Weight loss, through a reduction in energy intake and increase in energy expenditure, can reduce diabetes risk in people with prediabetes. However, lifestyle change can be challenging even with positive intentions. The Health Action Process Approach (HAPA) theoretical framework bridges the intention-behavior gap by targeting planning behaviors and strengthening efficacious beliefs for behavioral change. In the current trial, an adaptive design was employed to examine differences in HAPA measures (i.e., planning and self-efficacy) regarding the target behaviors of dietary intake and physical activity (PA). Adults ≥ 21 years old with overweight or obesity and prediabetes (n = 185) received the standard Group Lifestyle Balance (GLB) intervention during the first month of treatment. Weight loss responders (lost > 2.5% of weight) at week five remained in GLB during weeks 5-16; slow responders (lost ≤ 2.5%) were stratified to the adaptive GLB Plus (GLB+) intervention during weeks 5-16. GLB+ augmented self-regulatory skills and practices consistent with HAPA. We conducted mixed model analyses with a group-by-time interaction for fixed effects at four months. GLB experienced greater improvement in behavioral intention for both diet and PA, planning behaviors (action and coping planning) for diet, and self-efficacy beliefs (action and maintenance self-efficacy) for PA compared to GLB+ (all ps < .0125). However, GLB+ also experienced statistically significant improvement in planning and self-efficacy and in energy intake and food group servings (all ps < .01). Whereas an adaptive intervention can be advantageous in improving HAPA measures and food choices, greater focus on increasing PA is needed. Additional research may help to determine effective PA strategies.

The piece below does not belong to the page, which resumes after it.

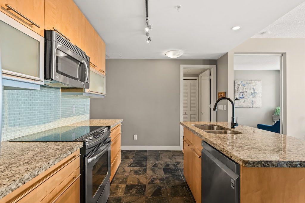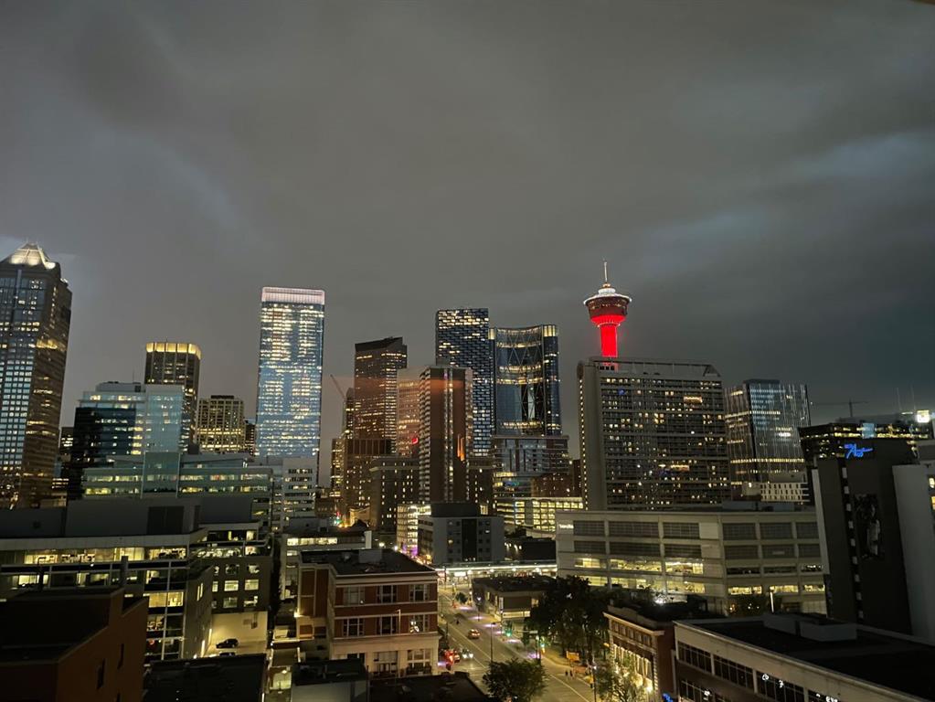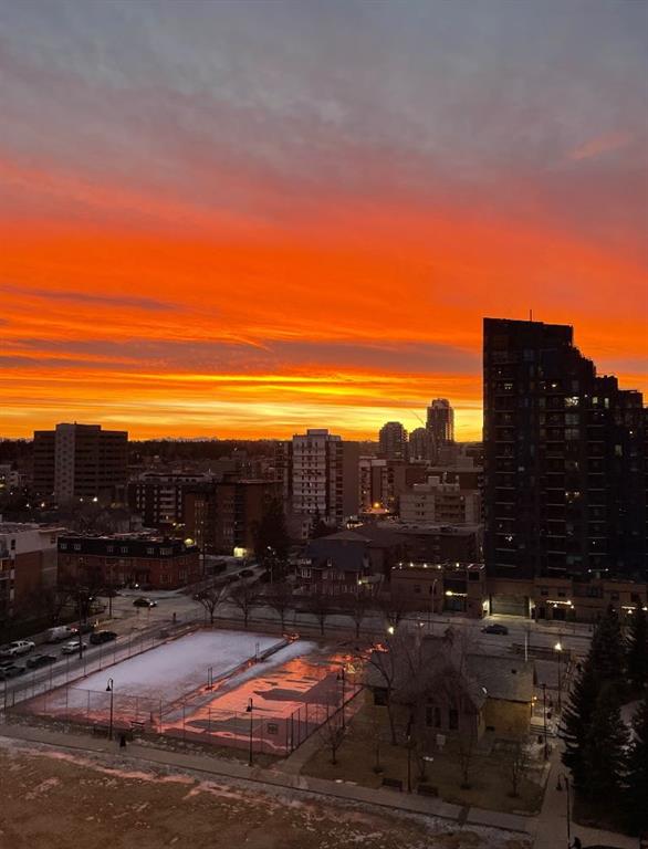 Welcome to Unit #1003 at Union Square—a NW corner 2-bed, 2-bath condo in the heart of the Beltline designed for elevated inner-city living. With floor-to-ceiling windows, 9 foot ceilings, & sweeping 270 degree views of the Downtown skyline, Haultain Park, & the Rocky Mountains, this home is filled with natural light & an incredible sense of space. Start your mornings with coffee overlooking the park & wind down relaxing on your private covered west-facing patio, taking in mountain views & unforgettable evening sunsets (complete with gas hookup for easy BBQ nights)—the kind of space that makes staying in just as appealing as going out. Inside, the layout is thoughtfully designed for modern living, with bedrooms positioned on opposite sides of the floor plan for added privacy, a dedicated work area just off the living room for an ideal work-from-home setup, & a second bedroom perfect for hosting guests. The interior features clean, contemporary finishes including granite countertops, stainless steel appliances, glass backsplash, & newer durable laminate flooring. The primary bedroom is a spacious retreat with a walk-in closet & a well-appointed ensuite featuring a walk-in glass shower, while evenings offer views of the illuminated Calgary Tower, adding an iconic city backdrop to your bedtime routines. Central A/C keeps things comfortable all summer long, & everyday convenience is elevated with in-suite laundry, an underground heated parking stall, & a dedicated storage locker. Step outside & you’re exactly where you want to be—Downtown & some of Calgary’s best spots are all within walking distance, including First Street Market, The Sunday Shop, Ten Foot Henry & Proof Cocktail Lounge. The C-Train, Stampede Park, cafés, fitness studios, & vibrant nightlife all just steps from your door. Walk to work. Walk to dinner. Walk to everything. This is Beltline living, done right.

适应性工作场所糖尿病预防试验对膳食摄入和体育锻炼的健康行动过程方法结果的影响。
通过减少能量摄入和增加能量消耗来减轻体重,可以降低糖尿病前期患者的糖尿病风险。然而,即使有积极的意愿,生活方式的改变也可能具有挑战性。健康行动过程方法(HAPA)理论框架通过针对计划行为和加强有效信念来改变行为,从而弥补了意图与行为之间的差距。在目前的试验中,我们采用了适应性设计,以检查有关饮食摄入和体育锻炼(PA)目标行为的 HAPA 测量(即计划和自我效能)的差异。年龄≥ 21 岁的超重或肥胖及糖尿病前期成人(n = 185)在治疗的第一个月接受了标准的团体生活方式平衡(GLB)干预。第5周时体重减轻者(体重减轻> 2.5%)在第5-16周期间继续接受GLB干预;体重减轻缓慢者(体重减轻≤ 2.5%)在第5-16周期间分层接受适应性GLB+(GLB+)干预。GLB+ 增强了与 HAPA 一致的自我调节技能和实践。我们对四个月时的固定效应进行了混合模型分析,并进行了组间时间交互作用分析。与 GLB+ 相比,GLB 在饮食和运动方面的行为意向、饮食方面的计划行为(行动和应对计划)以及运动方面的自我效能信念(行动和维持自我效能)都有了更大的改善(所有 ps < .0125)。然而,GLB+ 在计划和自我效能以及能量摄入和食物组份量方面也有了统计学意义上的显著改善(所有 ps 均小于 0.01)。虽然适应性干预在改善 HAPA 测量和食物选择方面具有优势,但仍需更加关注增加 PA。更多的研究可能有助于确定有效的 PA 策略。
本文章由计算机程序翻译,如有差异,请以英文原文为准。